The following were venues of the ICPS conferences:

| Year | Location |
|---|---|
| 2022 | Puebla, Mexico (online) |
| 2021 | Copenhagen, Denmark (online) |
| 2020 | Not held due to COVID-19 pandemic |
| 2019 | Cologne, Germany |
| 2018 | Helsinki, Finland |
| 2017 | Turin, Italy |
| 2016 | Malta |
| 2015 | Zagreb, Croatia |
| 2014 | Heidelberg, Germany |
| 2013 | Edinburgh, United Kingdom |
| 2012 | Utrecht, Netherlands |
| 2011 | Budapest, Hungary |
| 2010 | Graz, Austria |
| 2009 | Split, Croatia |
| 2008 | Kraków, Poland |
| 2007 | London, United Kingdom |
| 2006 | Bucharest, Romania |
| 2005 | Coimbra, Portugal |
| 2004 | Novi Sad, Serbia and Montenegro |
| 2003 | Odense, Denmark |
| 2002 | Budapest, Hungary |
| 2001 | Dublin, Ireland |
| 2000 | Zadar, Croatia |
| 1999 | Helsinki, Finland |
| 1998 | Coimbra, Portugal |
| 1997 | Vienna, Austria |
| 1996 | Szeged, Hungary |
| 1995 | Copenhagen, Denmark |
| 1994 | Saint Petersburg, Russia |
| 1993 | Bodrum, Turkey |
| 1992 | Lisbon, Portugal |
| 1991 | Vienna, Austria |
| 1990 | Amsterdam, Netherlands |
| 1989 | Freiburg, West Germany |
| 1988 | Prague, Czechoslovakia |
| 1987 | Debrecen, Hungary |
| 1986 | Budapest, Hungary |

In addition, IAPS organizers a number of other events. In 2018, IAPS associated with the International Students of History Association (ISHA) in a Series of Conferences named HyPe (HistorY and Physics Experience), that took place in Bologna, Italy.

=== Excursions ===
Since its foundation, IAPS has organised several trips to international research facilities, either directly or through its member societies.

==== iaps2CERN ====
IAPS yearly organises annual tours to CERN, in Geneva (Switzerland). The highly successful iaps2CERN programme usually has approximately 40 participants, representing up to 20 different nationalities.

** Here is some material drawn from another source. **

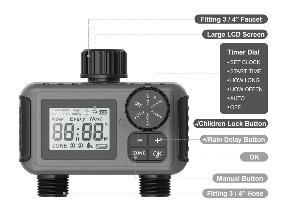 Σας επιτρέπει με εύκολο τρόπο να ορίζετε τον χρόνο του ποτίσματος και την διάρκεια του σε ήμερες. Επιπλέον, διαθέτει λειτουργία αναβολής του ποτίσματος λόγο βροχής.

The tour usually comprises visits of the CERN exhibitions, some of the experiments currently accessible and also a visit of the United Nations offices in Geneva.

== International Physics Competitions ==
PLANCKS is an annual international physics contest for bachelor and master students. It is usually a three day event and can include in addition to the competition itself scientific program like a symposium and excursions, as well as social events and the award ceremony. PLANCKS is arranged by different IAPS member committees.

In May 2014, the A-Eskwadraat student association held the first PLANCKS edition in Utrecht.
Since then, it took place every year at varying places:

| Year | Location | Winning country |
|---|---|---|
| 2026 | Eindhoven, Netherlands | Italy |
| 2025 | Barcelona, Spain | United Kingdom and Ireland |
| 2024 | Dublin, Ireland | Germany |
| 2023 | Milan, Italy | Italy |
| 2022 | Munich, Germany | United Kingdom and Ireland |
| 2021 | Porto, Portugal (online) | United Kingdom and Ireland |
| 2020 | London, United Kingdom (online) | United Kingdom and Ireland |
| 2019 | Odense, Denmark | Germany |
| 2018 | Zagreb, Croatia | Netherlands |
| 2017 | Graz, Austria | Spain |
| 2016 | Bucharest, Romania | Czech Republic |
| 2015 | Leiden, Netherlands | Netherlands |
| 2014 | Utrecht, Netherlands | Netherlands |

IAPS also support other physics competitions, such as the Ortvay competition (organised by the Hungarian NC) and the International Physics Tournament.